Added calendar_spo: a São Paulo holiday and business-day calendar (2012–2030) covering national, state, and municipal holidays, for use in demand seasonality and business-day adjustments.
Removed the forecasts and forecast_accuracy exports. These were exported in 1.0.0 by mistake: metrosp is an observed-demand data package and forecasting belongs downstream, so they should never have shipped.
Removed the metro_lines export. Its line-name columns (line_name, line_name_pt) are already denormalized onto every passenger/station dataset, and the full line list (including planned and CPTM lines) is available in lines. It remains an internal join dimension in the ETL pipeline.
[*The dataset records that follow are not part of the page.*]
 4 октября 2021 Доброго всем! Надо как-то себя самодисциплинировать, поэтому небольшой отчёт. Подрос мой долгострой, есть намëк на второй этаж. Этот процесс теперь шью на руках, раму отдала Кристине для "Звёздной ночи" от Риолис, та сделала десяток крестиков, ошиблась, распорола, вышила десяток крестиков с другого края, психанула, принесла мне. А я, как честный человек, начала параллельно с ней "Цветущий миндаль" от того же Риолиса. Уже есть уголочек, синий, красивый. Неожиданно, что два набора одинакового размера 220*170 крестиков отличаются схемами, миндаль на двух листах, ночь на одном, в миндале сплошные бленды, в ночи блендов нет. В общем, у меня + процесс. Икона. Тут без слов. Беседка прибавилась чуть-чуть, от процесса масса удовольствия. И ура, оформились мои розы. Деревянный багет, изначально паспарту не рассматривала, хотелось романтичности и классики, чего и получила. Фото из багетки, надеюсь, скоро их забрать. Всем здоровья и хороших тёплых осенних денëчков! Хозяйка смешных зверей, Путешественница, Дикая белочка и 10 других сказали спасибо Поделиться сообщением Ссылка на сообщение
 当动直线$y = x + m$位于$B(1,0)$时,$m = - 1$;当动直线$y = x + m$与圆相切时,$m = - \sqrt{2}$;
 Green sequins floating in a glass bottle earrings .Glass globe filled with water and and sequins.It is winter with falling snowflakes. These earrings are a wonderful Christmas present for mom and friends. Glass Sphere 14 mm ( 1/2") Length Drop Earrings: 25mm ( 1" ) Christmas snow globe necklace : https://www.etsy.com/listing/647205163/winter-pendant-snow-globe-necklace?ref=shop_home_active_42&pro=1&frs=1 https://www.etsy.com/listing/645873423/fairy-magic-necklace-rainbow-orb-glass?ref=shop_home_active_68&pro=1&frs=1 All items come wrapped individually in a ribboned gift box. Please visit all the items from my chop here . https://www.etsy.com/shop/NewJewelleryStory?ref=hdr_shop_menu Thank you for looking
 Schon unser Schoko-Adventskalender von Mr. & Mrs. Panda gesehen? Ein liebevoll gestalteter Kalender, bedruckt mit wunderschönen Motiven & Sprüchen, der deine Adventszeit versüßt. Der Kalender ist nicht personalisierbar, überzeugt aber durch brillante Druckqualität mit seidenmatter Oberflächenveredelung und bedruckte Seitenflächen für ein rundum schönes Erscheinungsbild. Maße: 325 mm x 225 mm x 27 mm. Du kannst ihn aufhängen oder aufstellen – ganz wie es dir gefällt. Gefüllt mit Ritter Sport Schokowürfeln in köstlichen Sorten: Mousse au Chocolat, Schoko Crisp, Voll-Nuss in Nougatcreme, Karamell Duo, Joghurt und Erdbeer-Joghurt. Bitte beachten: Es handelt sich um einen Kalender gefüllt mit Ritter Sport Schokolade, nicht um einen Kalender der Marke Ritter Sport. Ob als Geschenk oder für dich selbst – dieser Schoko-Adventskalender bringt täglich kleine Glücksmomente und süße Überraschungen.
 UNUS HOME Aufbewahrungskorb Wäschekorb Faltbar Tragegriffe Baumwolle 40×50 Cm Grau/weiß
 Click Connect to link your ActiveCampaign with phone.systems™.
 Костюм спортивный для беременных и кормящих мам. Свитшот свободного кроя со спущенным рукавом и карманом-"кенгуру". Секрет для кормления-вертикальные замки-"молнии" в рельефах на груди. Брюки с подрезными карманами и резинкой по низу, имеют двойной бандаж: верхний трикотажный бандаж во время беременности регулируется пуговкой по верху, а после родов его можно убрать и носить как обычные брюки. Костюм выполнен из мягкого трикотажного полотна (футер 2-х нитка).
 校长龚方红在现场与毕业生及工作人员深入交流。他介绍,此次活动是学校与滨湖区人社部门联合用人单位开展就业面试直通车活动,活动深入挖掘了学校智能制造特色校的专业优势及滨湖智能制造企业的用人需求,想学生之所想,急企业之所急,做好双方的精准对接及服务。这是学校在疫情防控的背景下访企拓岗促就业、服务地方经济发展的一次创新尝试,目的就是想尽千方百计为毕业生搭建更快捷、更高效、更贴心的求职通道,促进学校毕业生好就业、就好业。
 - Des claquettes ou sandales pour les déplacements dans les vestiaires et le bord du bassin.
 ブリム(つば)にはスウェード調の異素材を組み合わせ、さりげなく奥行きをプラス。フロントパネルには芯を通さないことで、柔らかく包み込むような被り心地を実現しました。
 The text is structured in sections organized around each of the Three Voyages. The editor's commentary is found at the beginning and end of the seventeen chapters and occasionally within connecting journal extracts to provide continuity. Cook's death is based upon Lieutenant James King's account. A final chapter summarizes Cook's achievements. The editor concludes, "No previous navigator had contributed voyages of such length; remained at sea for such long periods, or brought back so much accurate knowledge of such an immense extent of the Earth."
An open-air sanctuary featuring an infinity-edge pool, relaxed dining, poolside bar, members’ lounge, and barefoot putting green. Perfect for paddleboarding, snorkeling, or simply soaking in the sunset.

station_daily$line_number / station_daily$year are now integer (previously double), matching the other datasets. Values are unchanged.
Data quality
Station names are now canonicalized consistently across the demand datasets (station_averages, station_daily) and the geometry datasets (stations), so a station joins cleanly across sources.
Fixed footnote-digit and sponsor-name contamination in station names (e.g. stray trailing digits and parenthesized line numbers).
Trailing unpublished NA rows are now trimmed per line during assembly; interior NAs (e.g. station outages) are preserved. All datasets rebuilt.
Refreshed the 2017–2019 source CSV.
Data pipeline
The data-raw/ ETL now runs as a targets pipeline (targets::tar_make()), replacing the flag-driven run_pipeline.R orchestrator. Pipeline functions live in data-raw/R/; the legacy scripts remain and produce identical output. See CLAUDE.md for the workflow.
Gated refreshes (download, historical re-import, Dataverse) are controlled by environment-variable flags via tarchetypes::tar_force() and skip cleanly when the flags are off.